From the line containing "be white paint." down to the line containing "- Dew drops" in the records below, reproduce every line exactly, ends included, and omit all others.

PROVIDED DATA:
# # # #
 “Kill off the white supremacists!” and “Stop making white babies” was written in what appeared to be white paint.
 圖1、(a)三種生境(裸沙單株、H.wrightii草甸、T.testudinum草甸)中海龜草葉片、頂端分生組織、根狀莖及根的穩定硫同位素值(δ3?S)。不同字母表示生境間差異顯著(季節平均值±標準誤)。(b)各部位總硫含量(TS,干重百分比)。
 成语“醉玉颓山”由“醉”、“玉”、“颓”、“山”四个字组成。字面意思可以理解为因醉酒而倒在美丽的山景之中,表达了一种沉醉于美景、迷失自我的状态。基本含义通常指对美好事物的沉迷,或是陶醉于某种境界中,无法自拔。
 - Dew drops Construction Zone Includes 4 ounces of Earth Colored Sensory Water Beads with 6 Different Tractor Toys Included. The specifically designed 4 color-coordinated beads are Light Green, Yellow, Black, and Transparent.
# # # #
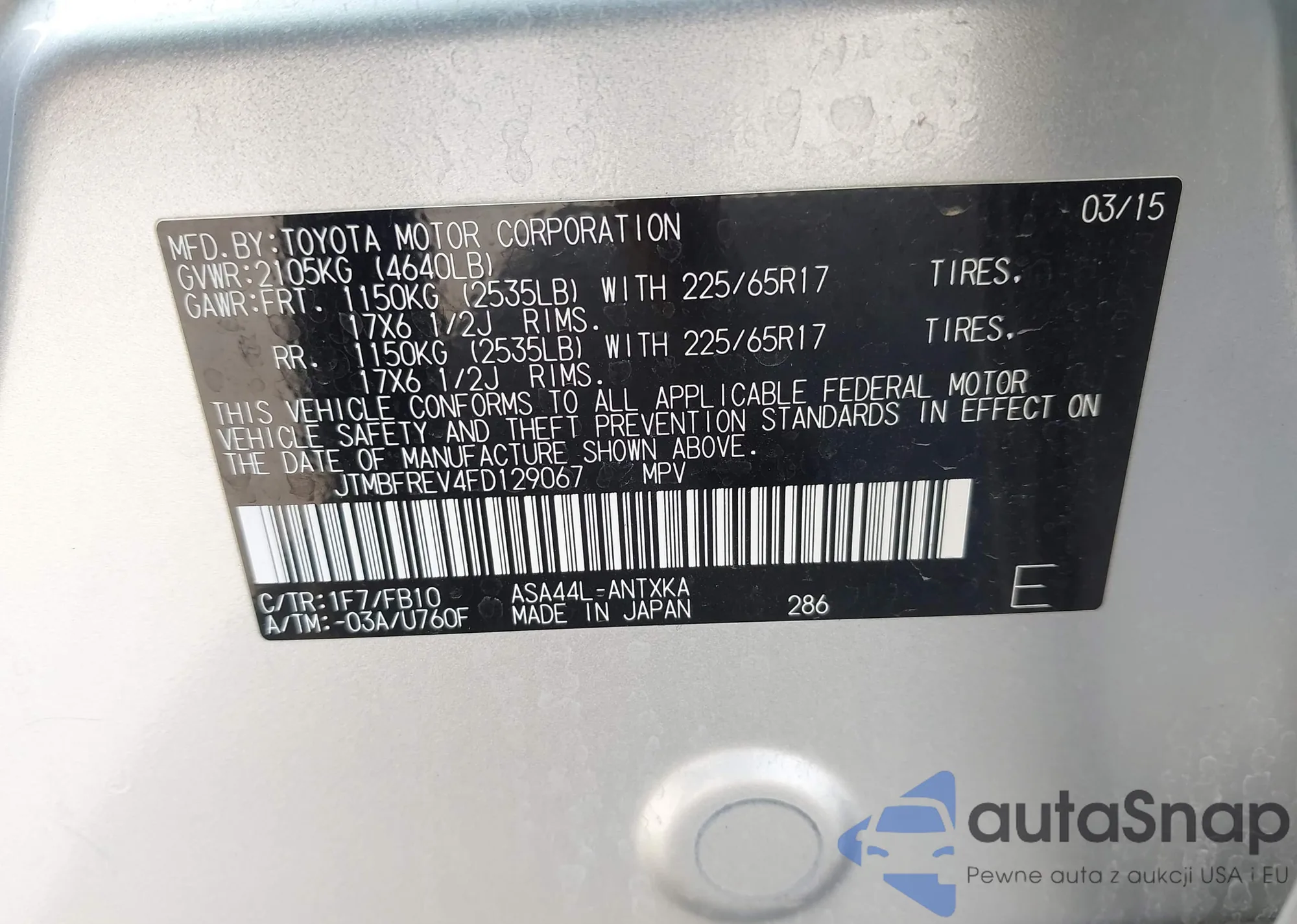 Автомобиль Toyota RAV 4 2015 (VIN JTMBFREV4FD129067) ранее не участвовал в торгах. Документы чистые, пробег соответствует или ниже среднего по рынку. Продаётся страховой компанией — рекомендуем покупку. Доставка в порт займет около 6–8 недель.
# # # #
ANSWER SPACE:
 “Kill off the white supremacists!” and “Stop making white babies” was written in what appeared to be white paint.
 圖1、(a)三種生境(裸沙單株、H.wrightii草甸、T.testudinum草甸)中海龜草葉片、頂端分生組織、根狀莖及根的穩定硫同位素值(δ3?S)。不同字母表示生境間差異顯著(季節平均值±標準誤)。(b)各部位總硫含量(TS,干重百分比)。
 成语“醉玉颓山”由“醉”、“玉”、“颓”、“山”四个字组成。字面意思可以理解为因醉酒而倒在美丽的山景之中,表达了一种沉醉于美景、迷失自我的状态。基本含义通常指对美好事物的沉迷,或是陶醉于某种境界中,无法自拔。
 - Dew drops Construction Zone Includes 4 ounces of Earth Colored Sensory Water Beads with 6 Different Tractor Toys Included. The specifically designed 4 color-coordinated beads are Light Green, Yellow, Black, and Transparent.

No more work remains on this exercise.